◆ Aim of the task ◆
From the records below, please print only the lines from the one containing "Trykknapp 21 mm" through the one containing "2024年1月2日,沈阳工学院生命工程学院教师在现代农业科技馆内检测火龙果叶片成分。新华社记者 杨青 摄", both included. Skip the pictures.

◆ Working data ◆
━━━
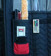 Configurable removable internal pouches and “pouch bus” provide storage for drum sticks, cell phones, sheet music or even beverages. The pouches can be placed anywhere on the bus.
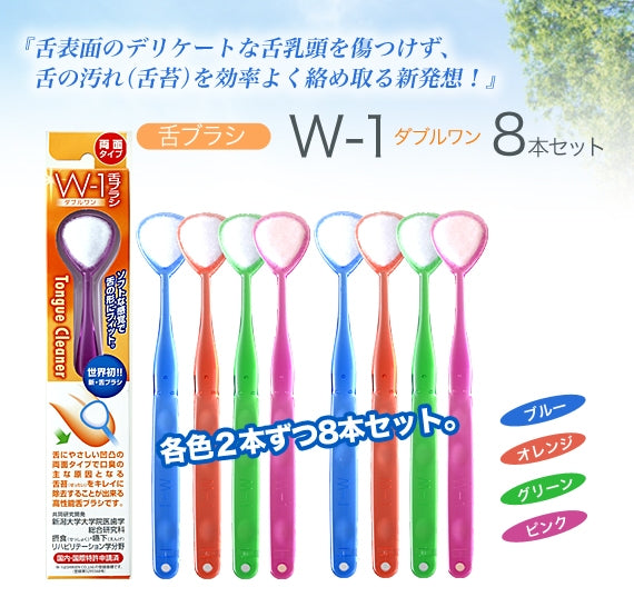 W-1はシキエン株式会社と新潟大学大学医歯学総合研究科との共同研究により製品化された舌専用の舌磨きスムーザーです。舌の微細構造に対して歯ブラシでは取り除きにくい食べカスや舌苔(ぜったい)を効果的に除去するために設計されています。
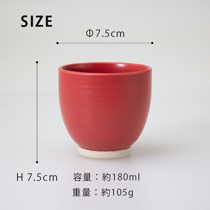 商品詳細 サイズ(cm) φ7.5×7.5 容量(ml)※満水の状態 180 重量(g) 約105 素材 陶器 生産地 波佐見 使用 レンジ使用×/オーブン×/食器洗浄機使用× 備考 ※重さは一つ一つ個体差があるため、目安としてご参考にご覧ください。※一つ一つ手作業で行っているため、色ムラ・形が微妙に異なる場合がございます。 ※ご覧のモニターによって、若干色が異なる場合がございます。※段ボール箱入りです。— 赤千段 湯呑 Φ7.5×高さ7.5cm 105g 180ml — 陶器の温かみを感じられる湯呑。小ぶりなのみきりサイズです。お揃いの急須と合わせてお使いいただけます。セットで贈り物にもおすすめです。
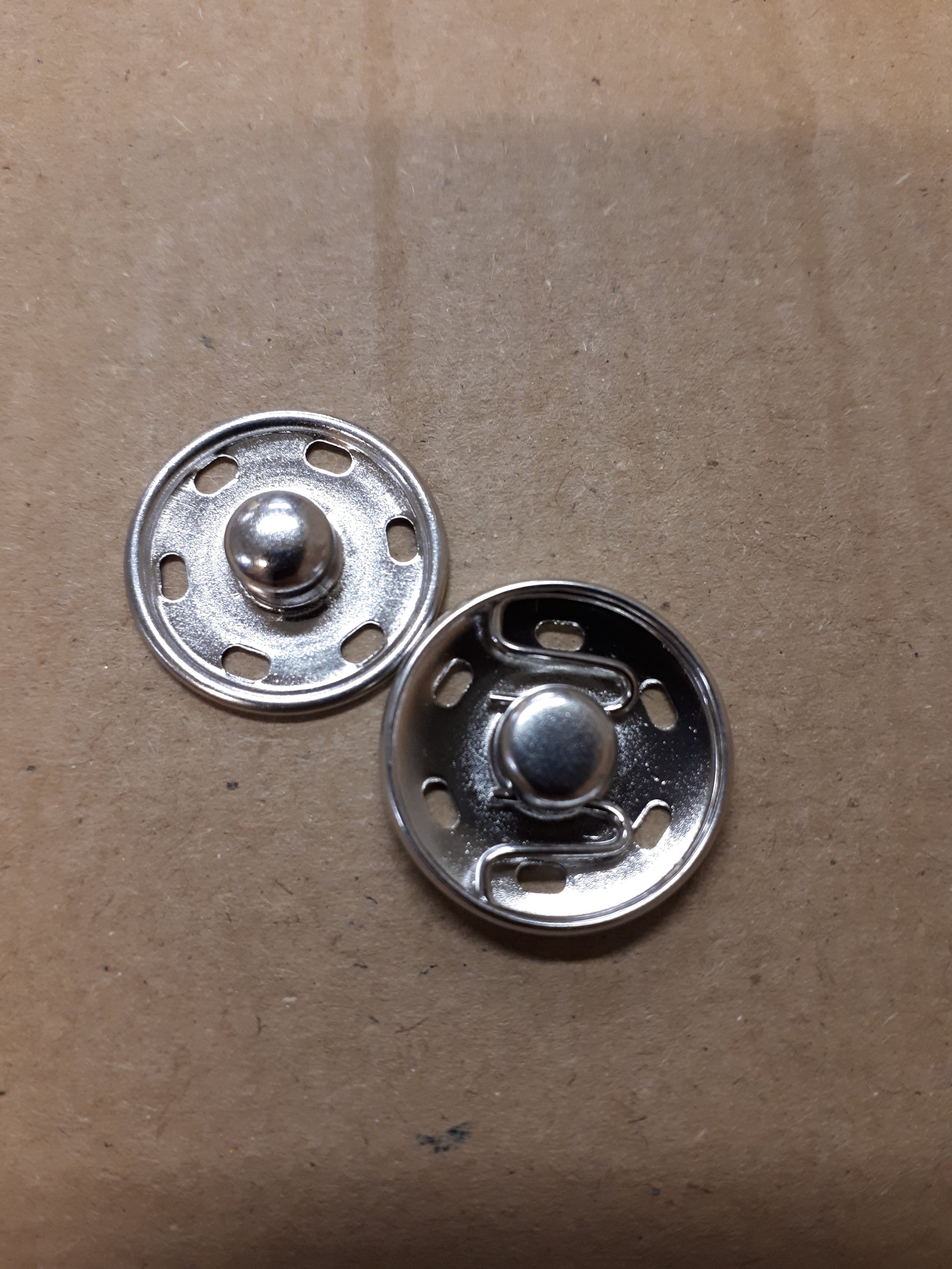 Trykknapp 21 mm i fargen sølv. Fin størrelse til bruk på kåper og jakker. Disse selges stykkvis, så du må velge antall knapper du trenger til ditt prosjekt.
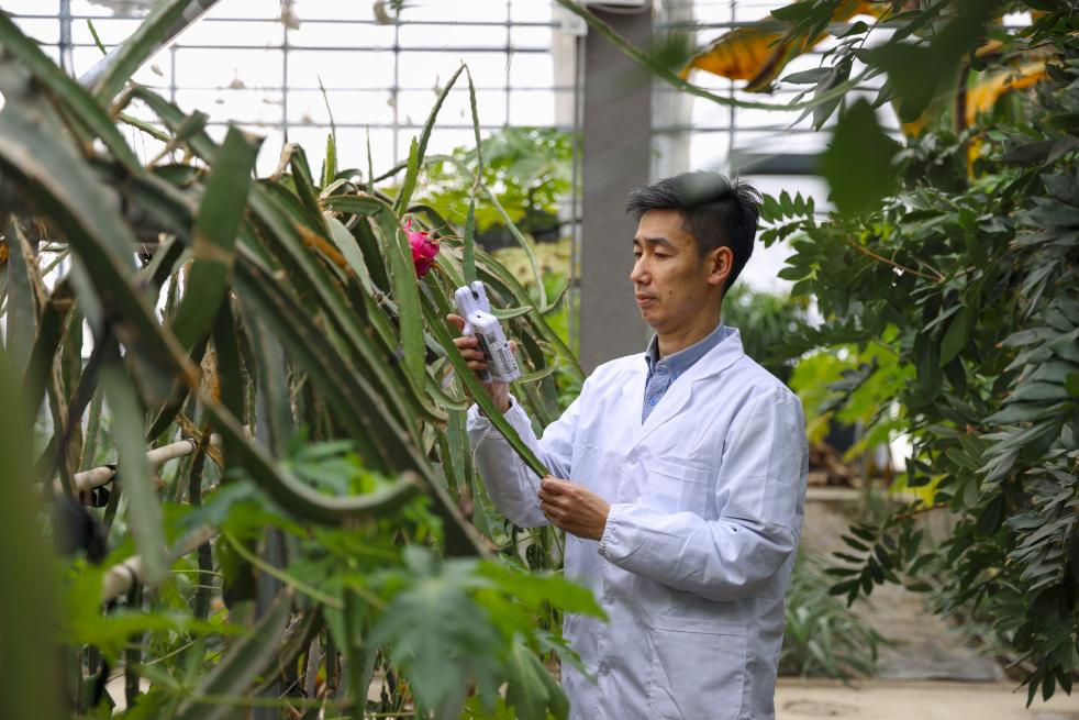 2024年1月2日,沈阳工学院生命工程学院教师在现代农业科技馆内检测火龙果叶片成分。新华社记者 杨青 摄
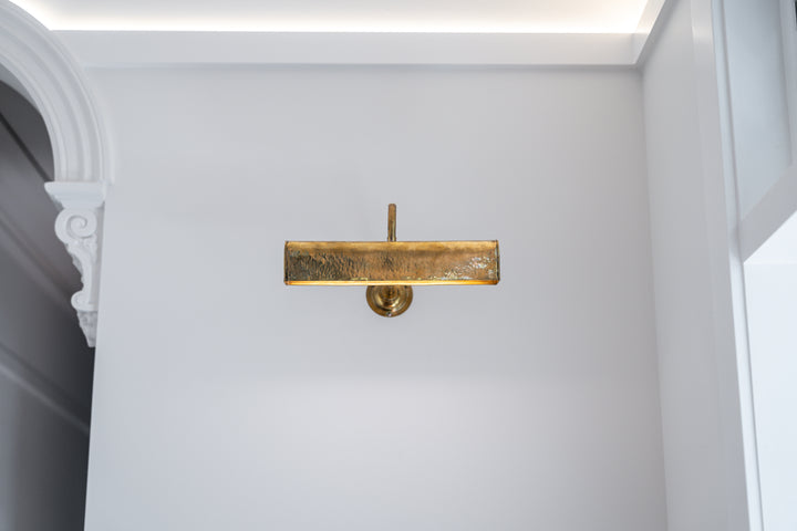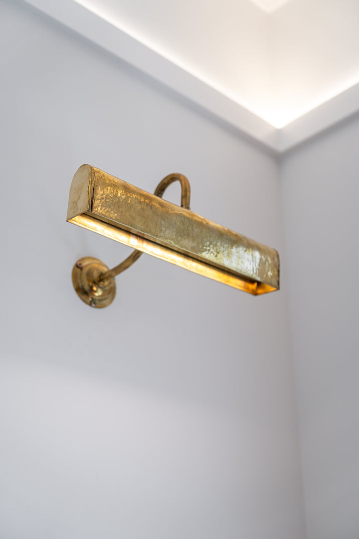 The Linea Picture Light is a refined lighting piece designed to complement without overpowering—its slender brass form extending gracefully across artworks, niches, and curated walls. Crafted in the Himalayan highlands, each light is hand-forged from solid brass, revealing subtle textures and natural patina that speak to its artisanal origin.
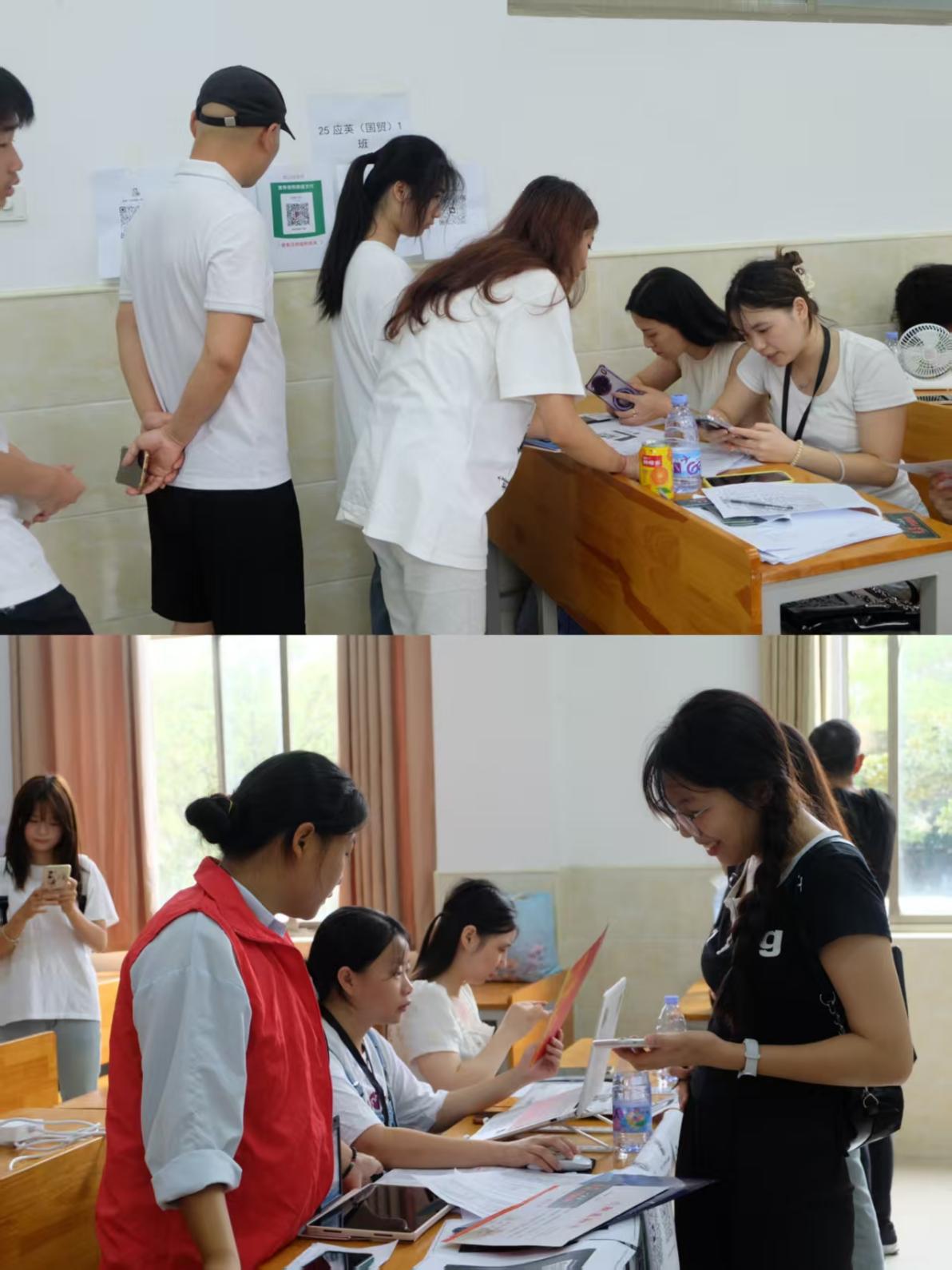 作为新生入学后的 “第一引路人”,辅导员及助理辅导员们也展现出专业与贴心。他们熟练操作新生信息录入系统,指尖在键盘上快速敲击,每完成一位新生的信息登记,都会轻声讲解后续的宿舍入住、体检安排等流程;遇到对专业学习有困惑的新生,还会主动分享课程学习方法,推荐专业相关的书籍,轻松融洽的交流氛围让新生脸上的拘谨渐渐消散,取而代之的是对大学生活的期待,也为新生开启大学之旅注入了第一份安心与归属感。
━━━
◆ The completed task ◆
 Trykknapp 21 mm i fargen sølv. Fin størrelse til bruk på kåper og jakker. Disse selges stykkvis, så du må velge antall knapper du trenger til ditt prosjekt.
 2024年1月2日,沈阳工学院生命工程学院教师在现代农业科技馆内检测火龙果叶片成分。新华社记者 杨青 摄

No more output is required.